**Data to examine**
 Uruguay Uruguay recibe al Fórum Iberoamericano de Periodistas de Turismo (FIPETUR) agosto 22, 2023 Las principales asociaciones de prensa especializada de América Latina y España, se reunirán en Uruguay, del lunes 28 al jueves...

---

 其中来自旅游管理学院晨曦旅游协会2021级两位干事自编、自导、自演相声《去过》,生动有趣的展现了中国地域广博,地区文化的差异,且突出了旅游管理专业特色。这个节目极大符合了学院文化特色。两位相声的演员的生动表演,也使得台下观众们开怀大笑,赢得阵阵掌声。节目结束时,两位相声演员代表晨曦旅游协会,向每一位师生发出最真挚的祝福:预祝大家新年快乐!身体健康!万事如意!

---

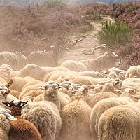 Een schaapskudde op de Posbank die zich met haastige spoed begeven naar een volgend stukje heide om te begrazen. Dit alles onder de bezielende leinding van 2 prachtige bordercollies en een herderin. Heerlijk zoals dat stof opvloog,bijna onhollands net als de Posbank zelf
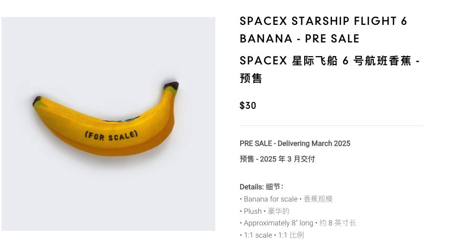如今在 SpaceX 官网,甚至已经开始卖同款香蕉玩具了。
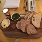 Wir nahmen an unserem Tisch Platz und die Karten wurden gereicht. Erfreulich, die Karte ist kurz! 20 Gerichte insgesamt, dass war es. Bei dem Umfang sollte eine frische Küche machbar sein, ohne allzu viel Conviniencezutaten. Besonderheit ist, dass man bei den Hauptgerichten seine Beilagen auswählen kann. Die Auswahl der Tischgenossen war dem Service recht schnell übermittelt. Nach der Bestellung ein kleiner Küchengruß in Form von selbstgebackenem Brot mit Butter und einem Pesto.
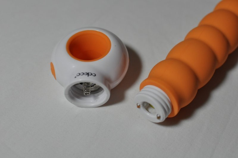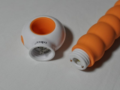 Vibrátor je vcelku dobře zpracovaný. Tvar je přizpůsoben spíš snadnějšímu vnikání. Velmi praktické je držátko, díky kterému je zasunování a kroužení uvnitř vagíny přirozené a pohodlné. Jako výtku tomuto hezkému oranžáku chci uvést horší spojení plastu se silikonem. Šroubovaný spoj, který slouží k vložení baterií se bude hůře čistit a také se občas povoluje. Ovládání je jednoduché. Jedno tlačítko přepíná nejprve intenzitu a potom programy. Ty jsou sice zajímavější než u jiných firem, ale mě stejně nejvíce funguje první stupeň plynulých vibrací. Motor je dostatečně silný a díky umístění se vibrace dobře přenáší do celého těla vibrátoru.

**Exercise objective**
Using the material above, reproduce only the lines that run from the line with "Een schaapskudde op" up to and including the line with "如今在 SpaceX 官网,甚至已经开始卖同款香蕉玩具了。", exactly, with the pictures dropped.

**Exercise response**
 Een schaapskudde op de Posbank die zich met haastige spoed begeven naar een volgend stukje heide om te begrazen. Dit alles onder de bezielende leinding van 2 prachtige bordercollies en een herderin. Heerlijk zoals dat stof opvloog,bijna onhollands net als de Posbank zelf
如今在 SpaceX 官网,甚至已经开始卖同款香蕉玩具了。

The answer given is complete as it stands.